His cricket skills were largely self-taught; his family moved from town to town whenever his father, a teacher, was posted to a different school, he had little opportunity to attend coaching. He learned to play with his brothers, playing with a "gum-wood bat and a piece of banksia root chiselled down to make a ball. He learned to bowl because his older brothers dominated the batting rights. His bowling action was far from the classic leg spin bowler's run-up and delivery,

In the 1931/32 season he emerged as the successor to Mailey in the New South Wales side. Within half a dozen games, he was one of several young players introduced to the Australian cricket team for the Fourth Test in a badly one-sided series against South Africa. However, matters could have been rather different. O’Reilly had broken into the team for New South Wales’ away matches against South Australia and Victoria while the Test players were on international duty. He totaled only 2/81 in the first match and was then informed that he would be dropped after the second fixture. O’Reilly responded by bowling with a more attacking strategy, taking 5/22 and 2/112. At the end of the match, New South Wales’ stand-in captain, the leg spinning all rounder Reginald Bettington, declared O’Reilly "the greatest bowler in the world" and although few agreed with this claim, Bettington made himself unavailable for selection so that O’Reilly would not be dropped. The reprieved leg spinner took a total of 8/204 in his next two matches, and while the figures were not overwhelming, they were enough to ensure a Test berth, with an unassailable 3–0 lead, the selectors wanted to blood new players.
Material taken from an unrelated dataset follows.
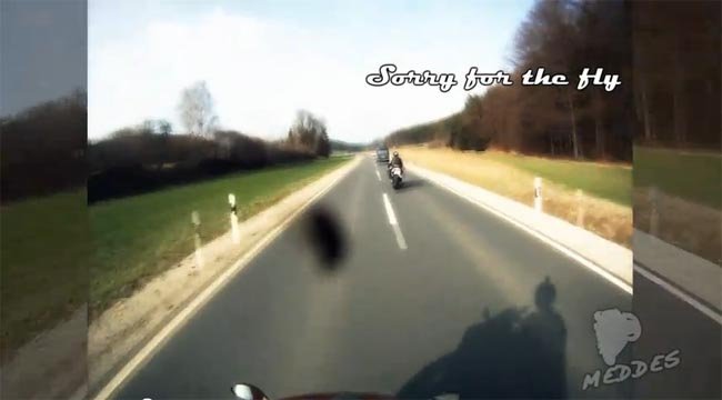 En un primer visionado del vídeo no me di cuanta de que el campo en el que aterriza la moto está algo así como un metro por debajo del nivel de la carretera, con lo que además de la salida también hay un aterrizaje en tierra. No se ve el velocímetro pero no hace falta para apreciar que el conductor se despacha a gusto con el gas para completar tres adelantamientos del tirón, una moto, una furgoneta y un coche antes de que la carretera gire. No quiero imaginarme el accidente si la carretera hubiese tenido un guardarraíl junto con su exceso de velocidad.

O'Reilly took four wickets on his debut at the Adelaide Oval, two in each innings, supporting the senior leg-spinner, Clarrie Grimmett, who took 14 wickets in the match and with Bradman scoring 299 not out, Australia won the match. O'Reilly retained his place when the selectors kept the winning side for the final match of the Test series at the MCG. On a pitch made treacherous by rain, he did not bowl at all when South Africa were bowled out for just 36 in the first innings, and came on only towards the end of the second innings, when he took three wickets as the touring side subsided to 45 all out. He ended his first Test series with seven wickets at 24.85. In Sheffield Shield cricket in the 1931–32 season, O'Reilly took 25 wickets at an average of 21 runs per wicket, highlighted by his maiden ten-wicket haul, 5/68 and 5/59 in a home match against South Australia after the Tests were over as New South Wales took out the title. The following year he was more successful, taking 31 wickets at just 14 runs each.New South Wales won the competition in both seasons.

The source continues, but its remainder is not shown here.